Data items

_ _ _ _ _ _ _

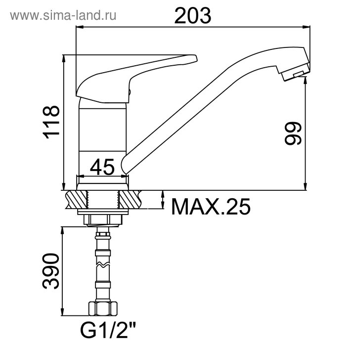 Смеситель для кухни Accoona A4260, однорычажный, латунь, хром
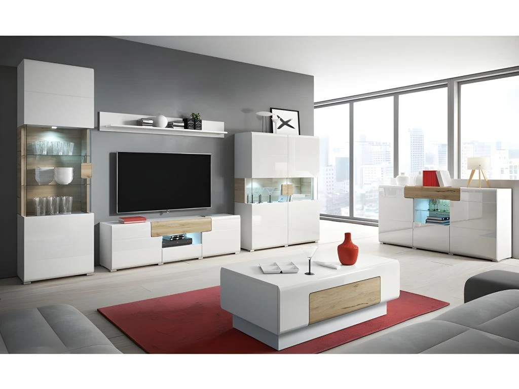 – COLORIS : Corps du meuble couleur blanc. Façades blanches brillantes. Façade tiroir effet chêne.
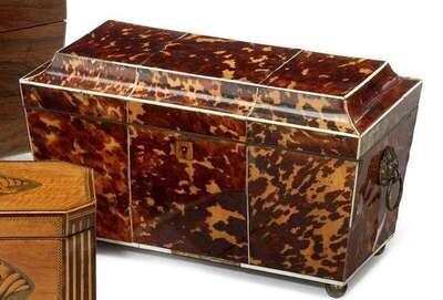 Sarcophagus form, the rectangular hinged lid with cavetto edge opening to two tortoiseshell veneered caddies flanking central recess, over tapering body mounted with twin lion's mask handles, raised on brass ball feet.
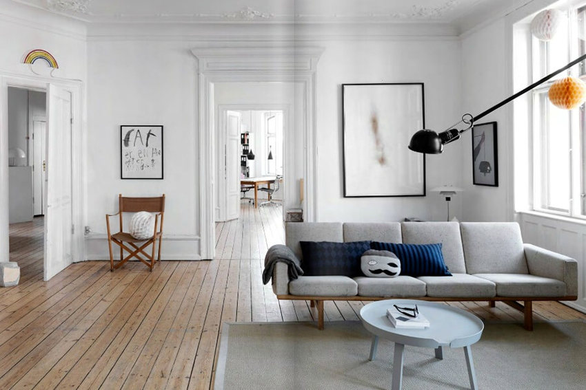 Penggunaan pintu putih klasik juga khas untuk gaya Scandinavia. Bahagian dalaman ini didasarkan pada warna terang dan pencahayaan yang terang. Memandangkan keadaan ini, kita dapat mengatakan bahawa kehadiran kanvas putih bukan hanya diinginkan, tetapi perlu. Penyelesaian seperti itu sangat sesuai untuk kes-kes apabila diperlukan untuk mencapai pengembangan ruang secara visual.
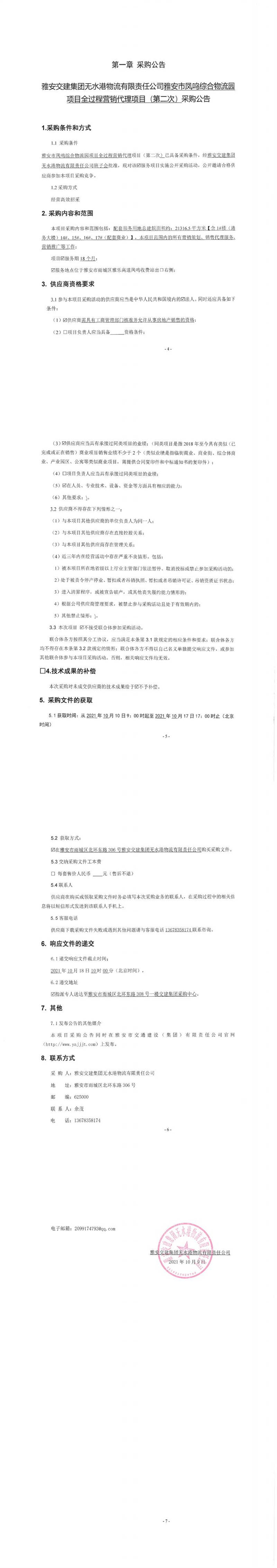 雅安交建集團(tuán)無水港物流有限責(zé)任公司雅安市鳳鳴綜合物流園項目全過程營銷代理項目(第二次)采購公告
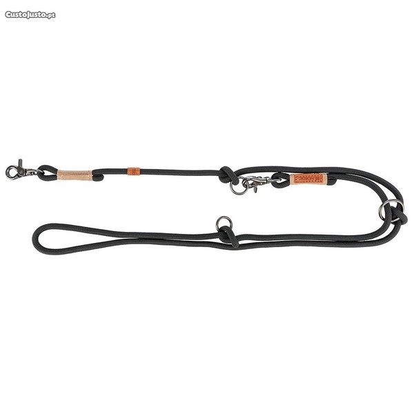 A Trela Ajustável "BE NORDIC" com corda redonda ajustável em 3 posições, com posição da argola continuamente ajustável, graças aos nós e com mosquetão.
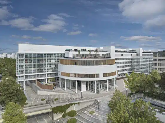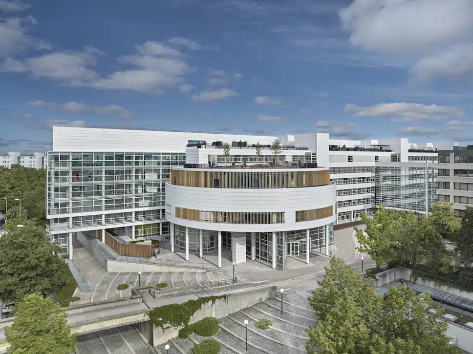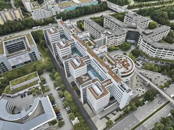 Neuperlach – von den Münchnern geschätzt und geschmäht zugleich – erlebt als Satelliten-Stadt vom Reißbrett eine Renaissance. Auslöser des Revivals ist neben dem drängenden Wohnraummangel die Erkenntnis, insbesondere der Investoren, welche Vorteile dieser Standort bietet. Beste Anbindung an die Berge, nahe an der City, moderne Infrastruktur und – viel freie grüne Flächen zwischen den Gebäuden. Etwas Vergleichbares gäbe es in München nicht, ist auf der Website des Immobilieninvestors Hines zu lesen. Diese Qualität wird nun wiederentdeckt und genutzt. Während die Grünflächen des Quartiers erhalten bleiben sollen, plant man innerhalb des Fußabdrucks der Gebäude in die Höhe und nutzt Flächenreserven. Prominentes Beispiel für die Bestrebungen zur Nachverdichtung ist das ehemalige Verwaltungsgebäude der Allianz-Versicherung. Es hebt sich mit seiner zeitlosen Architektur und den leuchtend weißen Fassaden von gewöhnlichen Büroimmobilien ab: Der Gesamtkomplex mit seinem lang gestreckten und mit Glas gedeckten Hauptbaukörper ist typisch für die großzügige Architektur der 1990er-Jahre und nimmt unverkennbar Anleihen an die ikonenhaften Entwürfe des amerikanischen Architekten Richard Meier. Die Inspiration kommt dabei nicht von ungefähr. Das ursprünglich nur für einen Nutzer konzipierte, repräsentative Gebäude wurde 1996 von Lauber + Wöhr Architekten entworfen, die Schüler des New Yorker Stararchitekten waren. Allerdings entsprach das weitläufige Ensemble nicht mehr den heutigen Anforderungen an Wirtschaftlichkeit, Flexibilität und eine moderne Arbeitswelt.
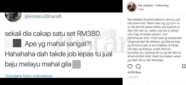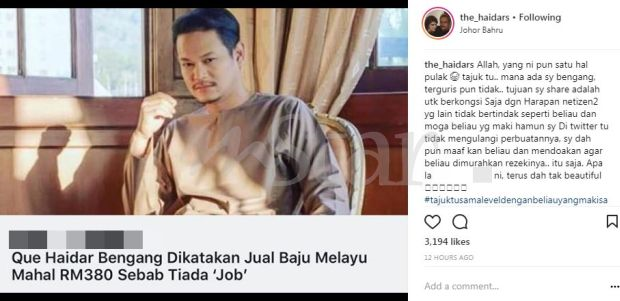Sebelum ini, pelakon filem Ophilia itu ada memuat naik komen netizen yang mempersoalkan harga Baju Melayu yang dijual mahal disebabkan tiada tawaran berlakon.
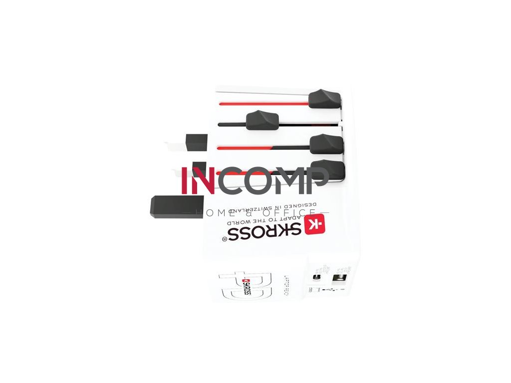 Pomocou SKROSS® World Adapter MUV USB AC65PD môžu cestovatelia z celého sveta súčasne nabíjať jedno USB-C zariadenie a jedno klasické USB zariadenie, pričom zároveň môžu pripojiť aj nepodpísané dvojpólové zariadenie.
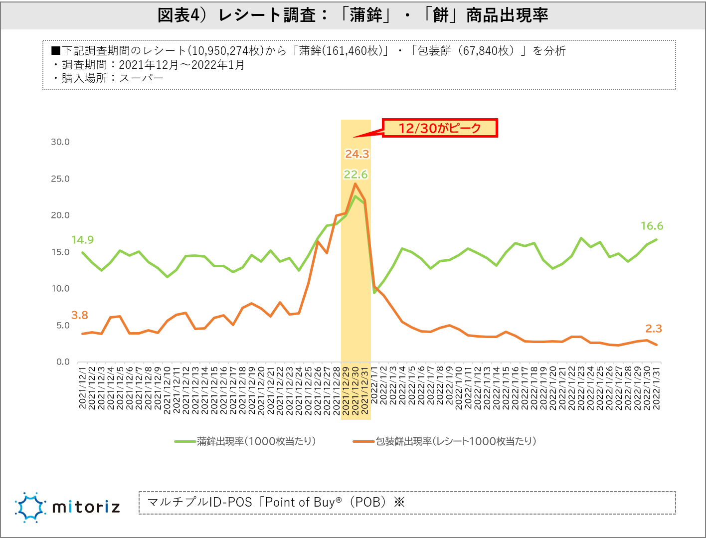 【レシート分析】「かまぼこ」・「餅」を購入するピークは12月30日
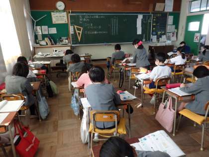算数の授業です。「12×3」の計算を簡単にする方法を考えています。
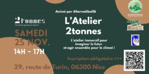 Atelier 2 tonnes samedi 25 novembre de 14h à 17h à “Une BASE à Nice” Afin de limiter les effets du changement climatique, nous devons réduire nos émissions de gaz …

_ _ _ _ _ _ _

▸ **ASSIGNMENT**:
Please return the data above exactly as it stands from the line with "Sarcophagus form, the" to the line with "A Trela Ajustável", keeping both of those lines but none of the pictures.

▸ **ANSWER FOR THIS EXERCISE**:
 Sarcophagus form, the rectangular hinged lid with cavetto edge opening to two tortoiseshell veneered caddies flanking central recess, over tapering body mounted with twin lion's mask handles, raised on brass ball feet.
 Penggunaan pintu putih klasik juga khas untuk gaya Scandinavia. Bahagian dalaman ini didasarkan pada warna terang dan pencahayaan yang terang. Memandangkan keadaan ini, kita dapat mengatakan bahawa kehadiran kanvas putih bukan hanya diinginkan, tetapi perlu. Penyelesaian seperti itu sangat sesuai untuk kes-kes apabila diperlukan untuk mencapai pengembangan ruang secara visual.
 雅安交建集團(tuán)無水港物流有限責(zé)任公司雅安市鳳鳴綜合物流園項目全過程營銷代理項目(第二次)采購公告
 A Trela Ajustável "BE NORDIC" com corda redonda ajustável em 3 posições, com posição da argola continuamente ajustável, graças aos nós e com mosquetão.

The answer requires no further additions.